If an Action fails, the Inputs are not consumed and the Outputs will be available in their original Ledgers.
Using Outputs
A very important concept in Praxis is how to use Outputs correctly. Outputs in a Ledger are anything that is available for consumption. In other words, they can be signed by the Ledger and used as Inputs to Actions on contracts. An Output usually contains Coins, but this is not required. This is a key point. Outputs are used as the communication mechanism for Contract developers. If your Contract logic requires some signed data or Coins from a Ledger in order to execute a future action, then create an Output on that Ledger asking for the appropriate data. Each Ledger can easily see its list of available Outputs, so the Ledger can act on any that need processing.
Coins
Each Output and the Contract State can contain any number of different Coins. As stated above, Coins are an abstract representation of any asset. They can be used as normal Coins, or to tokenize any asset. Once something is converted to a Praxis Coin, it can be used in a Contract.
Coins are ‘minted’ by Contracts. One of the possible outputs from an Action are called Minted Coins. These are just like normal Coins, but they have their origin and identity derived from the Contract. The Contract address is used as the globally unique identifier for the Coin, and the minted Coins are turned into Outputs.
Coins are input and output from Contracts. The Contract checks that the input amount for each Coin is greater than or equal to the Outputs for the life of the Contract. If this invariant is not satisfied, the Action will fail. The Contract writer is responsible for handling each Coin input into a Contract Action. Either it must be captured by the Contract, or added to an Output.
VM Considerations
Our production VM will include one (or more) of the following options, and will satisfy the requirements of a blockchain VM as described here. And of course all components of Praxis, including the VM, will be fully audited by us, the community, and security and other experts.
- JSONata is a small, functional, interpreted language. We have full control over the interpreter. Currently, Smart Contracts run in a sandbox using vm2(on Node.js).
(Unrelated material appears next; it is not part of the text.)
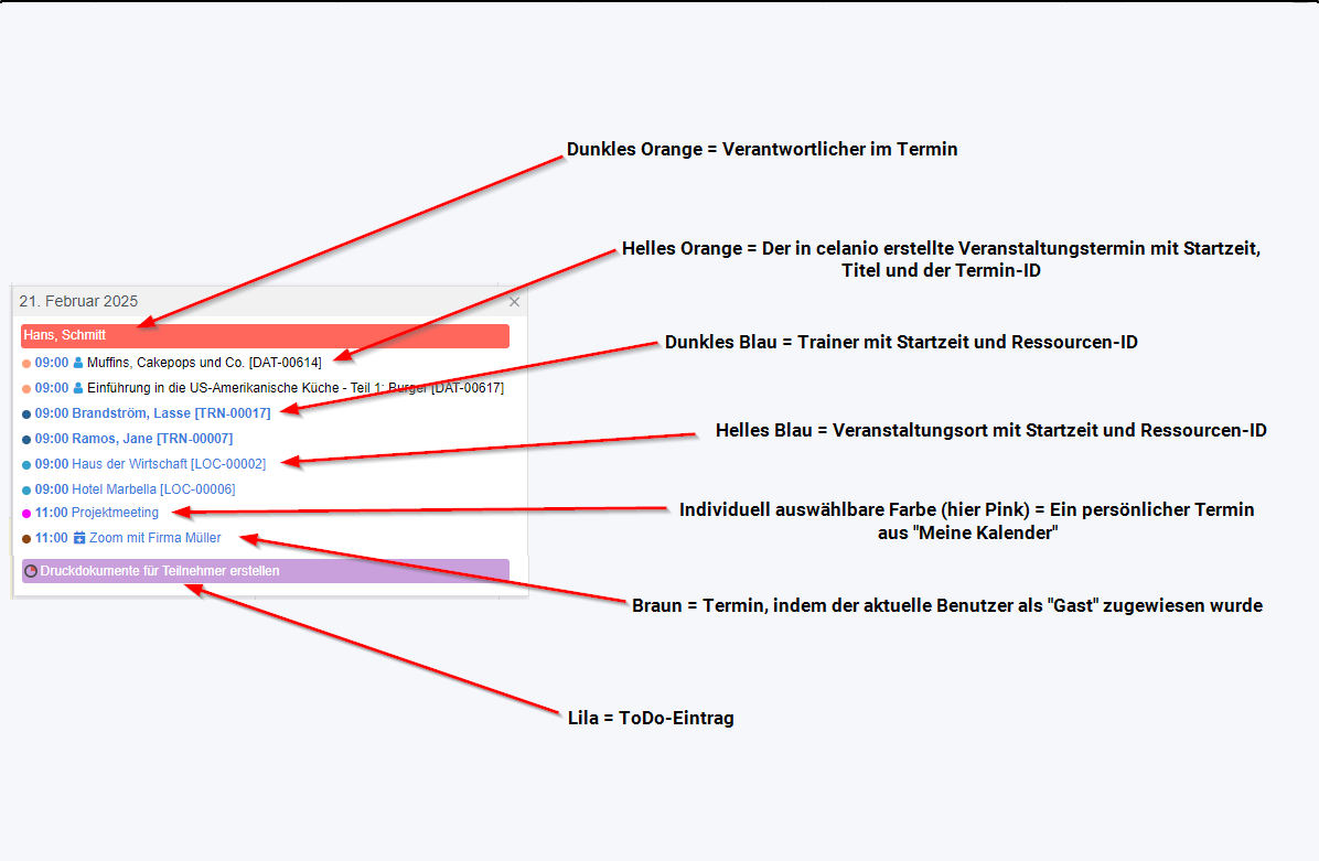 Anhand der Farbe des jeweiligen Punktes oder des Hintergrundes kann eine Zuordnung auf einen Blick geschehen. Über eine Option kannst du im Projekt selbst auswählen, welche Farbe die Termine, die Orte, die Trainer und die To-do’s haben sollen.  Hierbei ist es wichtig zu wissen, dass ein Punkt bedeutet, dass dieser Termin eine zeitliche Eingrenzung hat. Sollte ein Termin einen Hintergrund haben, bedeutet dies, er ist ganztägig, bzw. er findet über mehrere Tage statt.

- We have started a sub-project to get the JSONata interpreter running in WebAssembly. We are porting the JSONata interpreter to AssemblyScript (TypeScript) which compiles to WebAssembly. We can also leverage the great work Parity has done with wasmi if needed. Although not 100% complete at the this time, it is highly likely this will be used in production.
- Support WebAssembly as a Reducer language. Other languages or paradigms can be used to execute Praxis Smart Contracts, without altering the programming model. A Reducer is just a blob with a language identifier attached to it. So when we support WebAssembly as a Reducer language (a fairly easy task), then any language that compiles to WebAssembly can be used. We will most certainly be adding this in the near future.